*** Data for this task Section Begins ***

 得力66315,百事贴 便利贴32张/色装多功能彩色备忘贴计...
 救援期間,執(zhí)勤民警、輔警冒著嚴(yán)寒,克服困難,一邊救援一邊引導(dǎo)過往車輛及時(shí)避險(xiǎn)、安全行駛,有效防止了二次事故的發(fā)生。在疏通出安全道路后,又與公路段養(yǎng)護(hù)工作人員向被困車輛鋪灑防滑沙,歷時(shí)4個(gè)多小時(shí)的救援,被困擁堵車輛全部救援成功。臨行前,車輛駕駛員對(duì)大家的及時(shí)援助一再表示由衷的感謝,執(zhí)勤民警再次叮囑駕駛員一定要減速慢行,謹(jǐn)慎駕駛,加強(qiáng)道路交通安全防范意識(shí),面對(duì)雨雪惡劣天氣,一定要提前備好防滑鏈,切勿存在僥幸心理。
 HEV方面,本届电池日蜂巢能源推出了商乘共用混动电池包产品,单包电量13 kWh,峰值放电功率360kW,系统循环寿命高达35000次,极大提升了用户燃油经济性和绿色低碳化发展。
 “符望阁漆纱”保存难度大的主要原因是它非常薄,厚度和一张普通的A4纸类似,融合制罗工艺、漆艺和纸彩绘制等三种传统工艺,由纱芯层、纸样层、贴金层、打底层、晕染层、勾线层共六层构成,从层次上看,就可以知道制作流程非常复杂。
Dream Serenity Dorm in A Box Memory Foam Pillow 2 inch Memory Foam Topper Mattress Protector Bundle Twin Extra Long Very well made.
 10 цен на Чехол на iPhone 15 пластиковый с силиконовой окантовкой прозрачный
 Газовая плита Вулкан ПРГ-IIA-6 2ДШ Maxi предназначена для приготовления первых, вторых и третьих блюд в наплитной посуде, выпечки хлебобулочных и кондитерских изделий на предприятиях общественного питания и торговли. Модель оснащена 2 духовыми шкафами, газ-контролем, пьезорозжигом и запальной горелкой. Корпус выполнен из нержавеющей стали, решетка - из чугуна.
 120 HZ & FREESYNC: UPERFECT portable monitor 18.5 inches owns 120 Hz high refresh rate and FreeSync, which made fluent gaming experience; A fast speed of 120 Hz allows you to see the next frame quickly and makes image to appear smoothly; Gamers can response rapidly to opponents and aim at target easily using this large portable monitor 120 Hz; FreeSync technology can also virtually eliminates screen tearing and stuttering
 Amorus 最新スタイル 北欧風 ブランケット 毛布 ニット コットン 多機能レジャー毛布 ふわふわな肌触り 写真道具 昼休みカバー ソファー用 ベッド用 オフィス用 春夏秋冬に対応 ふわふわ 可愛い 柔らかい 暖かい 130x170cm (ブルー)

*** Data for this task Section Ends ***

Your reply should be an exact copy of every line from the line with "10 цен на Чехол" through the final line of the data, and nothing more.

◆ **Response**
 10 цен на Чехол на iPhone 15 пластиковый с силиконовой окантовкой прозрачный
 Газовая плита Вулкан ПРГ-IIA-6 2ДШ Maxi предназначена для приготовления первых, вторых и третьих блюд в наплитной посуде, выпечки хлебобулочных и кондитерских изделий на предприятиях общественного питания и торговли. Модель оснащена 2 духовыми шкафами, газ-контролем, пьезорозжигом и запальной горелкой. Корпус выполнен из нержавеющей стали, решетка - из чугуна.
 120 HZ & FREESYNC: UPERFECT portable monitor 18.5 inches owns 120 Hz high refresh rate and FreeSync, which made fluent gaming experience; A fast speed of 120 Hz allows you to see the next frame quickly and makes image to appear smoothly; Gamers can response rapidly to opponents and aim at target easily using this large portable monitor 120 Hz; FreeSync technology can also virtually eliminates screen tearing and stuttering
 Amorus 最新スタイル 北欧風 ブランケット 毛布 ニット コットン 多機能レジャー毛布 ふわふわな肌触り 写真道具 昼休みカバー ソファー用 ベッド用 オフィス用 春夏秋冬に対応 ふわふわ 可愛い 柔らかい 暖かい 130x170cm (ブルー)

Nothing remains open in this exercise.